Sunday, August 10, 2025

Three Beautiful Things 08-09-2025: The Perils of Perfectionism Are On My Mind

 1. Online, its title is "The Pain of Perfectionism". In the hard copy August 11, 2025 issue of The New Yorker, it's titled "Enemy of the Good". It's an article by Leslie Jamison in which she interviews and discusses the work of two psychology specialists, Gordon Flett and Paul Hewitt, whose life work has focused on the problem of perfectionism.

On our sibling outing to Clark Fork, the subject of perfectionism came up and we discussed it in relation to how it can contribute to crippling chronic clinical depression. 

I was blown away by the timing of this New Yorker article arriving in my mailbox Friday and was grateful for how it added to my meager understanding of perfectionism and how Christy, Carol, and I were right on the money in ways we discussed it in the car. 

Flett and Hewitt's work goes back over thirty years. Rather than go into detail about it in this blog post, I'll just say that perfectionism contributes to mental illness, physical ailments, and suicide rates. 

I came away from this article assured of what I've contemplated in the past: perfectionism is a demon.

If you'd like to read this article, I can email you a PDF copy of it, or I can send it to you through Facebook Messenger. I cannot text it to you. 

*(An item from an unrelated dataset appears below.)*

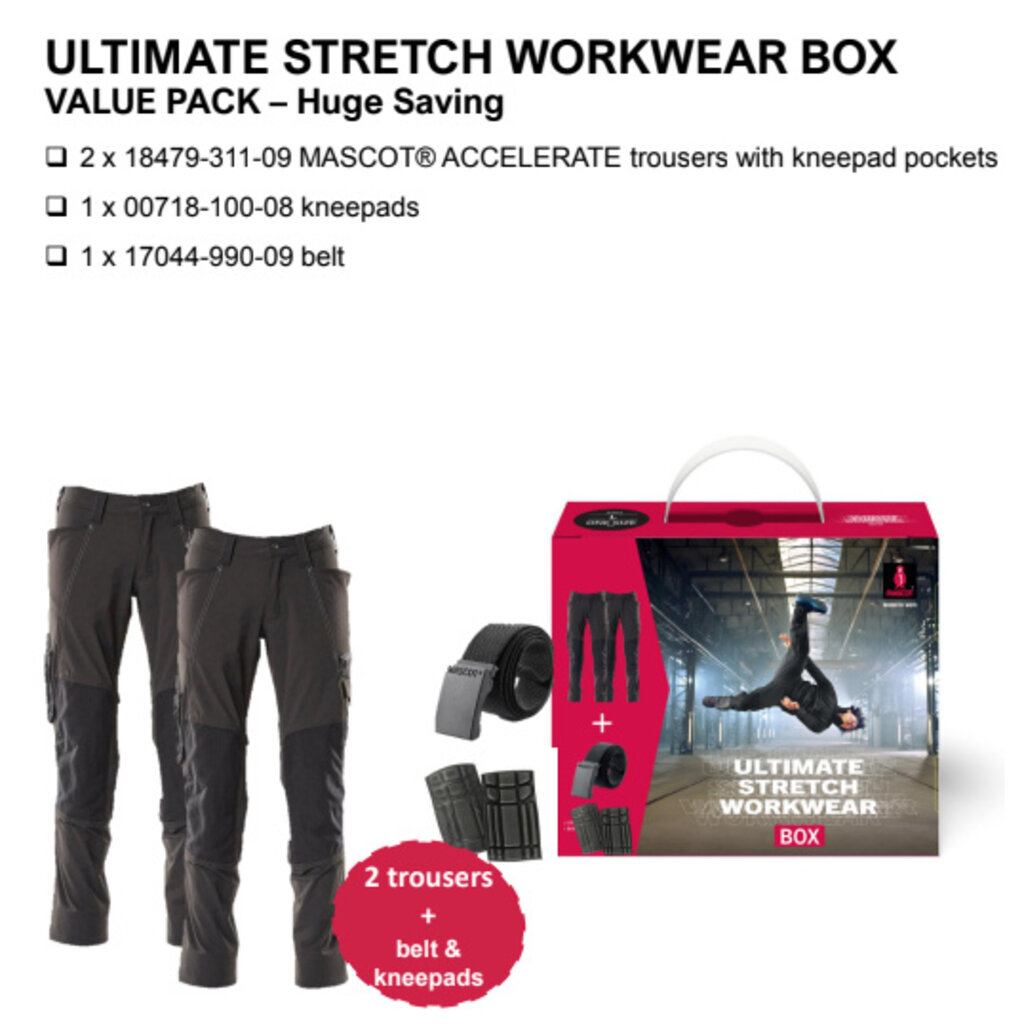 Gratis kniebeschermers en riem bij aankoop van twee van deze Accelerate werkbroeken! Geldig zolang de voorraad strekt.

I don't know if this article is behind a paywall. If you'd like to check it out, here's the link: https://tinyurl.com/v6rpvmsf

2. As I read this article, I realized that I've been more plagued by people I thought (rightly or wrongly) expected perfection from me than by perfectionist tendencies within myself. 

I'll leave it at that, except to say that feeling these expectations from others (whether they had them or not) has never done me a lick of good. 

3. I also thought today about how, when I was working, I grew increasingly resistant to the idea of rigor. I guess I began to think that possibly rigor, making high demands on students, might be an enemy of the good. Couldn't students learn and perform well, I used to wonder, without the pressure of rigorous demands on them? 

I suppose some of this questioning had to do with the ways that enforcing rigor, given my personality, didn't come to me readily.  

About thirty years ago, I first read the poem "Her Right Eye Catches the Lavender" and as Gerald Sterns' poem develops, the speaker of the poem self-reflects and asks: 

Why did is take so long
for me to get lenient?

From that point forward, that question repeated itself constantly inside me. 

Oh, for sure, I backslid into not being lenient from time to time, but much more than rigor, being lenient came to govern how I approached my work and my relationships with my students. 

I hoped back then that I could convince my students to be lenient with themselves as writers. I used to encourage them to sin boldly. Let it rip. I always thought I could help students more who were not cautious as they wrote than if they wrote cautiously. 

They didn't need me to expect perfection.